Instructions for the filling:
Mix egg yolks, sugar and lime juice in top of double boiler. Cook over simmering water until mixture coats the back of a spoon, about 10 minutes. Remove from heat. Stir in grated rind. Refrigerate until mixture thickens, but do not let it become stiff.

Beat cream to soft peaks. Fold into lime filling. Spoon into baked crust and refrigerate, covered, for 24 hours. Serve with fresh whipped cream on top.

Key Lime Pie with a Flour Crust (taken from fine cooking.com)

Ingredients for the crust:
6-3/4 oz. (1-1/2 cups) all-purpose flour
½ tsp. table salt
3 oz. (6 tbsp.) chilled unsalted butter, cubed
2 tbsp. chilled vegetable shortening, cubed
2-1/2 to 3 tbs. ice water

Ingredients for the filling:
2 14-oz. cans sweetened condensed milk
2 large egg yolks
1 cup fresh lime juice (from about 4 regular limes)
2 tbsp. finely grated lime zest (from about 2 regular limes)

Ingredients for the garnish:
1 cup heavy cream
2 tsp. granulated sugar
1 lime, zested into thin strips

Instructions:
Put the flour and salt in a food processor; pulse to combine. Add the butter cubes and pulse until they’re the size of extra-large peas (about 10 quick pulses). Add the shortening and continue pulsing until the largest pieces of butter and shortening are the size of peas (10 to 15 more quick pulses). Sprinkle 2-1/2 tbps. of the water over the flour mixture and pulse a few times until the mixture just begins to come together. It should look rather crumbly, but if you press some between your fingers, it should hold together. (If it doesn’t, sprinkle on another 1/2 tbps. water and pulse a few more times.) Dump the crumbly mix onto a lightly floured surface and press the dough into a 1-inch-thick disk. Wrap in plastic and chill for 30 minutes.

On a lightly floured work surface, roll the dough into a round that’s 1/8 inch thick and 12 to 13 inches in diameter. Drape the dough around the rolling pin and ease it into a 9-inch pie pan. With kitchen shears, trim the overhang to 1/2 inch. Fold the overhang under and crimp it to build up an edge. Prick the crust with a fork in several places. Cover with plastic and refrigerate for 30 minutes. Meanwhile, position an oven rack on the middle rung and heat the oven to 350°F.

Grease one side of a sheet of foil with cooking spray, oil, or butter. Line the pie pan with the foil, greased side down, and fill it with pie weights or beans. Bake until the edges of the crust look dry and start to turn golden, 25 to 30 minutes. Carefully remove the foil and weights; continue baking until the entire crust is deeply golden brown, another 15 to 20 minutes. Let cool on a rack.

Instructions for the filling:
In a medium bowl, whisk the condensed milk, egg yolks, lime juice, and grated zest.
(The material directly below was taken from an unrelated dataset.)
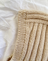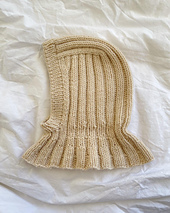 The Sunday Balaclava Baby is worked from the top down in rib, which at the neck transitions to a circular yoke with rib and increases. First a square is worked for the top of the head. Then stitches are picked up and knitted along both sides of the square with decreases along the face opening. The balaclava is worked back and forth down to under the chin, where it is joined to be worked in the round in rib and shaped with increases. At the end, a rib edge is worked around the face opening.

Pour into the cooled pie crust and bake at 350°F until just set, about 30 minutes. The center may still be a bit jiggly. (Use an instant-read thermometer to double-check the doneness; the center of the pie should be at least 140°F.) Let the pie cool thoroughly on a rack and then cover with plastic and refrigerate to chill completely, at least 3 hours but no longer than a day.

Just before serving, whip the cream and sugar until stiff peaks form. Spread the cream on top of the pie, garnish with the strips of lime zest strips, and serve.